- Guangfuqiao Town Location in Hunan
- Coordinates: 29°28′45″N 111°17′51″E﻿ / ﻿29.47917°N 111.29750°E
- Country: People's Republic of China
- Province: Hunan
- Prefecture-level city: Zhangjiajie
- County: Cili County

Area
- • Total: 94 km^{2} (36 sq mi)

Population
- • Total: 14,500
- • Density: 150/km^{2} (400/sq mi)
- Time zone: UTC+8 (China Standard)
- Area code: 0744

= Guangfuqiao =

Guangfuqiao Town (广福桥镇 (廣福橋鎮, Guǎngfúqiáo Zhèn)) is an urban town in and subdivision of Cili County, Hunan Province, People's Republic of China.

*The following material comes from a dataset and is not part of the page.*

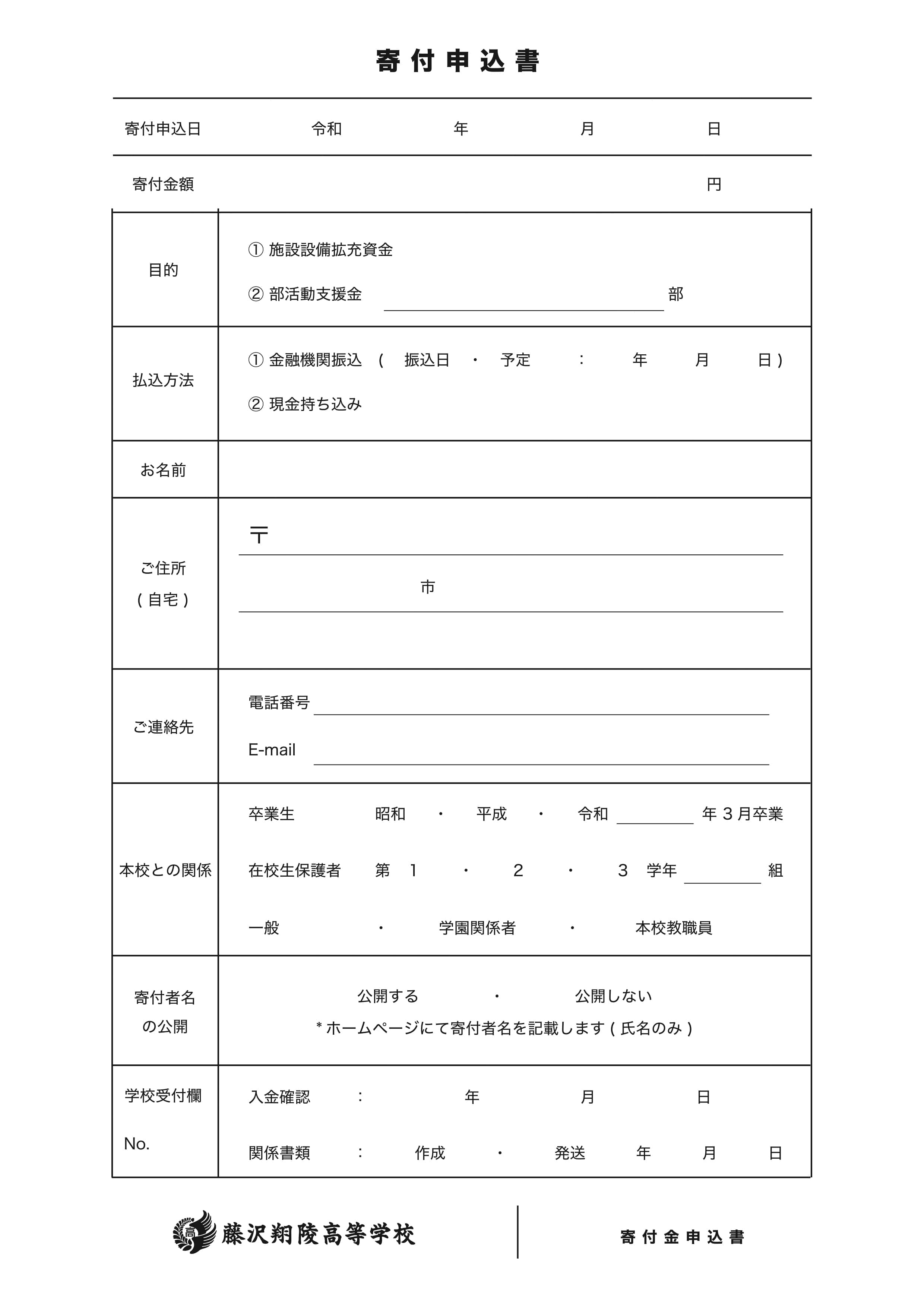 藤沢翔陵高等学校 寄付金担当

==Administrative divisions==
The town is divided into 14 villages and 1 community, which include the following areas: Guangfu Community, Sanwang Village, Xinyin Village, Shuangyun Village, Taoxi Village, Taiping Village, Sansi Village, Laopeng Village, Guanjian Village, Jinggang Village, Wulonggang Village, Jianshe Village, Shiyan Village, Taoshu Village, and Liangshi Village (广福社区、三王村、辛银村、双云村、桃溪村、太坪村、三丝村、老棚村、官见村、井岗村、乌龙岗村、建设村、狮岩村、桃树村、亮狮村).